Classics in Graphics

The true test of a good graphic novel of a classic is whether the graphic adaptation has a long shelf life.

Published: 30th June 2021 10:46 AM  |   Last Updated: 30th June 2021 10:47 AM   |  A+A-

BENGALURU : Of late, I’ve started re-reading some of my favourite books just to check if they still resonated with me the way they did when I first read them. And that gave me the idea of re-reading in a different format - graphic novels of classics. I first read Kurt Vonnegut’s Slaughterhouse-Five two decades ago. I reread it more recently – the graphic novel version by Ryan North and Albert Monteys. Having visited Dresden as a tourist, I realized the images in the graphic format added to the original. I could imagine what Dresden looked like before and after the firebombing. Although I enjoyed reading the graphic format, the characters sometimes felt a little cartoony.

Re-reading George Orwell’s Animal Farm by Brazilian illustrator Odyr was more captivating, as the animals came to life. I learnt all my Indian mythology from comics. More recently, graphic novels have come with innovative adaptations. Ramayana 3392 A.D, the brainchild of Deepak Chopra and Shekhar Kapur, is written by Shamik Dasgupta with art by Abhishek Singh.

It an imaginative re-invention of the epic set in a post-apocalyptic future. Sita: Daughter Of The Earth by Saraswathi Nagpal and Manikandan is another outstanding graphic adaptation. For many people who might balk at reading classic works of literature, graphic novels are an effective way to be introduced to classics in a visual and more digestible fashion. It is a great way for reluctant readers or those with a time crunch to access classics. However, a lot depends on the way the stories are narrated. The retelling should be as close to the original as possible without appearing to resemble a comic book. The true test of a good graphic novel of a classic is whether the graphic adaptation has a long shelf life.

An unintended consequence is that a graphic novel is easier to translate into languages as it has minimal text. Gareth Hinds is the prolific creator of critically-acclaimed graphic novels based on literary classics, including King Lear, The Merchant of Venice (which Kirkus called “the standard that all others will strive to meet” for Shakespeare adaptation), The Odyssey, Romeo and Juliet, and Macbeth (which the New York Times called “stellar” and “a remarkably faithful rendering”).

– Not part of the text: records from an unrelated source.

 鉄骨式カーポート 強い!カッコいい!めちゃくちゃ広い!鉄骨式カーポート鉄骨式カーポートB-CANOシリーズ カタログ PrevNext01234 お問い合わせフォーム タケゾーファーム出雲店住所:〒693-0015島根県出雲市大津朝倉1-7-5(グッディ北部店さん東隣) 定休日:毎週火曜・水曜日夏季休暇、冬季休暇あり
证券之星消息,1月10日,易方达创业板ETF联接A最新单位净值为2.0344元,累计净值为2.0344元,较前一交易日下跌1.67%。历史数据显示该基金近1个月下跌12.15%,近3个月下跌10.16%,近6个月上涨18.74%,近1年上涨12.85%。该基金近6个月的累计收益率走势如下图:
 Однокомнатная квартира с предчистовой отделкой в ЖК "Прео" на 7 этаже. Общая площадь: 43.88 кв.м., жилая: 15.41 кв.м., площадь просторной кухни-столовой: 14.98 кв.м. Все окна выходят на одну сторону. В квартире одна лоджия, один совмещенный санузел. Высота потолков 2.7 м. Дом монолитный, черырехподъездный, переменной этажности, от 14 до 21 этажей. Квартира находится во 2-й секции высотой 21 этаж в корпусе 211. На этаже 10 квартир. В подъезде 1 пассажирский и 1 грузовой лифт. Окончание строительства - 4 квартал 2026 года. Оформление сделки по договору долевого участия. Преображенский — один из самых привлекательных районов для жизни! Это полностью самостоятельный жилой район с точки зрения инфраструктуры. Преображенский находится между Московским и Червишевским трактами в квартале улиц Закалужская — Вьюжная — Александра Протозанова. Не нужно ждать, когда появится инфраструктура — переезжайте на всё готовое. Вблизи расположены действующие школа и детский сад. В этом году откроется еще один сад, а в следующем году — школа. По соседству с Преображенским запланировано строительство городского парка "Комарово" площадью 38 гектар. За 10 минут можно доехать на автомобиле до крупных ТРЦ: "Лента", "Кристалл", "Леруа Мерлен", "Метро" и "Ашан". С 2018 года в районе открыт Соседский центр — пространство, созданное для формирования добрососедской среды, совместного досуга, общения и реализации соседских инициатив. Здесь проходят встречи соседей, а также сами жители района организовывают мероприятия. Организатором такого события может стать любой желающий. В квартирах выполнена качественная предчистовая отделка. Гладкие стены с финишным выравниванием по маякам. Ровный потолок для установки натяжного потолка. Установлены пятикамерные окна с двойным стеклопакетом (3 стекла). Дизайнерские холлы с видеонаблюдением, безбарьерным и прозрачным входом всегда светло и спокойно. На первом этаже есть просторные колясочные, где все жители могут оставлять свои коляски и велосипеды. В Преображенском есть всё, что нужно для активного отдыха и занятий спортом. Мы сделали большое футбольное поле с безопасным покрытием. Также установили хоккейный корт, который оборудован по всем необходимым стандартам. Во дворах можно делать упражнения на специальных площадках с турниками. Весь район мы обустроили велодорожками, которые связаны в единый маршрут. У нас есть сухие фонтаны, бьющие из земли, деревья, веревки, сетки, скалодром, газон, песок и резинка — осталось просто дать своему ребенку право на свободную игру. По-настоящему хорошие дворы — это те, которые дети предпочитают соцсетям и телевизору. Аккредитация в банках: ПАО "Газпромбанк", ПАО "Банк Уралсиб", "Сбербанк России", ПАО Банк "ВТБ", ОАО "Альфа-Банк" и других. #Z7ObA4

However, his landmark achievement was a graphic novel of The Iliad, a complex endeavour as the epic contains myriad characters. Gareth introduced the characters by dedicating a page to the cast and assigning a colour to each god. Gareth says that he had initially targeted a readership of schoolchildren but the book has now reached all age groups. One of the best graphic novels of a modern classic is Margaret Atwood’s 1985 novel The Handmaid’s Tale beautifully realised by artist Renée Nault.

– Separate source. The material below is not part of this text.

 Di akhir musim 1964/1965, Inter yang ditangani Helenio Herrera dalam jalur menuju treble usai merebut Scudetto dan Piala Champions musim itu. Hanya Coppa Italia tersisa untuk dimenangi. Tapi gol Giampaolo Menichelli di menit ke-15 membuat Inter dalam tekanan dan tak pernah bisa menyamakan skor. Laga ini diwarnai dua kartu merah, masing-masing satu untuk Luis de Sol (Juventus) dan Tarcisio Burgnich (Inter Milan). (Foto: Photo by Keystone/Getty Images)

The novel explores themes of subjugated women in a patriarchal society and the means by which they attempt to gain independence. Other graphic novels of modern classics that I have enjoyed are Harper Lee’s To Kill a Mockingbird: A Graphic Novel illustrated by Fred Fordham; Herman Melville’s Moby Dick illustrated by Christophe Chaboute; Anne Frank’s Diary adapted by Ari Folman and illustrated by David Polonsky; and Paulo Coelho’s The Alchemist illustrated by Daniel Sampere.

The challenge will be to do a graphic adaptation of the classic The Catcher in the Rye. As Robertson Davies said, “A truly great book should be read in youth, again in maturity and once more in old age, as a fine building should be seen by morning light, at noon and by moonlight.” And when it comes to classics, they should be read in different formats too!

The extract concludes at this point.